Keane fell out with Harry Arter and Jon Walters over the vexed question of their fitness or otherwise during lengthy spells on the treatment table at the end of season international friendlies in June. It’s a difficult area where Foley has some sympathy for the Ireland assistiant manager, but, as he puts it, “To accuse somebody of faking injury is probably the worst thing you can say to a professional”.
When Foley was manager at Charlton in the early 1970s, he recalls levelling the same accusation against a player called Dave Shipperley — with good reason, Foley felt, as the big defender was overindulging in the Christmas party season. The bad blood between the two of them eventually spilled over into a fight on the training pitch where Foley had to be pulled off the player.
It wasn’t the only time Foley squared up to men much bigger than himself along the way — the likes of John Fashanu at Millwall and Niall Quinn at Arsenal will testify to that — but Foley also had no problem empathising with players, probably because he was a good one himself but not in the elite bracket.
At Arsenal, after they famously won the league title in 1989 at Anfield, Foley thinks he probably got too close to the players. In particular, the goalkeeper John Lukic, who he wanted to stay at Arsenal and fight for his place rather than go to QPR on a swap with David Seaman, for whom Arsenal also willing to pay £1m. The deal fell through much to Graham’s annoyance, though Lukic wouldn’t remain at Arsenal for much longer. Foley was also instrumental in Michael Thomas — Arsenal’s goalscoring hero at Anfield — extending his stay after falling out with the Graham shortly after. When Graham decided to demote Foley to look after the reserves and promoted Stewart Houston as his deputy, Foley left the club in 1990, a decision he would go on to regret.
“I was hurt and disappointed as I loved my job. I loved the club and I loved the players. It was, and still is, the pinnacle of my career.”
His pride was wounded, but Foley never fell out with Graham and worked for him later at Leeds United and Tottenham.
Foley has now told his life story in his fascinating autobiography, Theo Give us the Ball, which has been ghost written by his son Paul, who played the game at non-league level and is a fighter as well. Paul was diagnosed with an inoperable brain tumour six years ago and has been confined to a wheelchair for the last 18 months, but has produced his father’s life story, in between bouts of chemotherapy and spending time with his young family. Paul remembers a young David Rocastle waiting in the family living room in southeast London every morning for a lift to training with Theo, who had become like a father to him and was left “heart-broken” when the former Arsenal midfielder died of cancer in 2001.
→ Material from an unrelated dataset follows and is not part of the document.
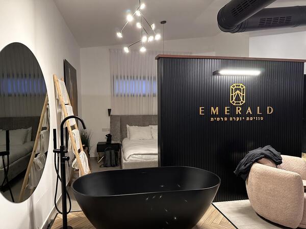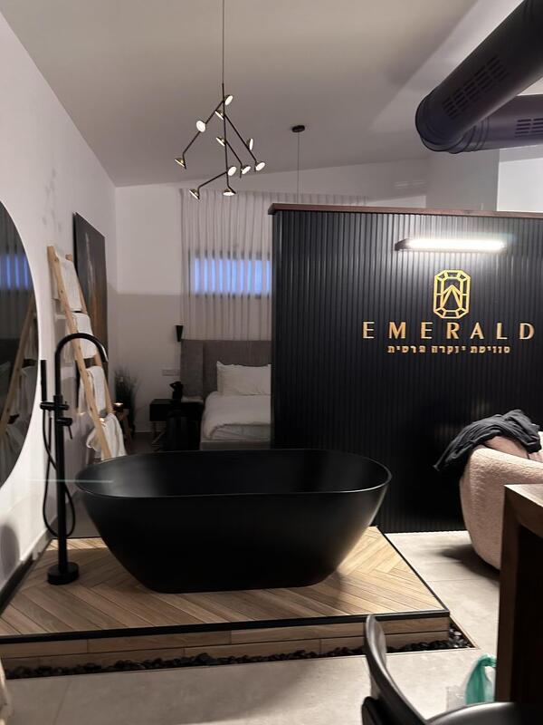 סוויטה עם בריכת אינפיניטי פרטית, אמבט שחור מהודר במרכז החדר, עיצוב יוקרתי ואווירה מוקפדת - אמרלד היא סוויטה לאנשים של הפרטים הקטנים

At 81, Foley is still incredibly fit and hasn’t lost that combative streak. He earned nine caps for Ireland in the 1960s but it could have been even more were it not for some bad injuries. Beside the Rocastle shirt which Foley has hanging at his home near Greenwich is one presented to him by one Luis Suarez, the renowned Spain striker who Foley marked in the infamous World Cup playoff of 1965 in Paris.
Foley knows that part of management is eliminating any reasons — or excuses — which the players may have for failure. Back then the players had a major one. Foley says the players were incensed by newspaper reports that the playoff tie against Spain had been moved from Wembley to Paris on the back of a financial payment said to have boosted the coffers of Irish football by about £25,000. He also remembers castigating teammate Eamon Dunphy for smoking a cigarette on the pitch shortly before the game. Late in the game, Foley himself got an elbow to the face which required treatment on the side of the pitch and Spain scored the only goal of the game as he was about to return.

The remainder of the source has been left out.